Building materials giant CRH still bullish despite US doubts
The Dublin-headquartered group was bigged up in the immediate aftermath of last week’s US election results amid Donald Trump’s promises to spend big on infrastructure projects.
CRH makes about 60% of its profits in the US and is the third largest producer of construction aggregrates there. Its shares hit a nine-year high on the back of the election, but analysts and management have played down the significance.
In its latest trading update, CRH yesterday said that overall sales were up by 22% year-on-year, to €20.4bn, in the first nine months of 2016 — adding that annual earnings should rise by around 35% and net debt should be under €6bn by year’s end and less than twice earnings.
However, while still ahead, US sales growth slowed to 1% in the third quarter having been in double-digit percentage territory in the first half.

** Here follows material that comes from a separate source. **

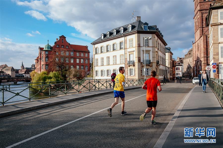 这是2019年3月26日,在法国斯特拉斯堡,两名男子在街头跑步锻炼。新华社记者张铖摄

Management told analysts that it was well-placed to make further acquisitions with an available warchest of between €1.5bn and €2bn to play with.
And it had a healthy pipeline of deal opportunities, but played down the US election result in favour of giving the thumbs up to 22 US states approving additional infrastructure funding.
“It remains to be seen whether the legitimacy of Trump’s promises will result in a significant increase in infrastructure spending in the US. Thus, we remain cautious on CRH given the 14% share price increase it has had since the US election and the relatively high- valuation multiples that the company trades on,” said Dylan Simmonds, equity analyst with Merrion Stockbrokers.
However, he said “There has been a notable normalisation in demand in the US after a very strong first half of the year, but the structural growth story remains intact and has only been enhanced by the US election result.” CRH shares were up 1.75% in Dublin yesterday.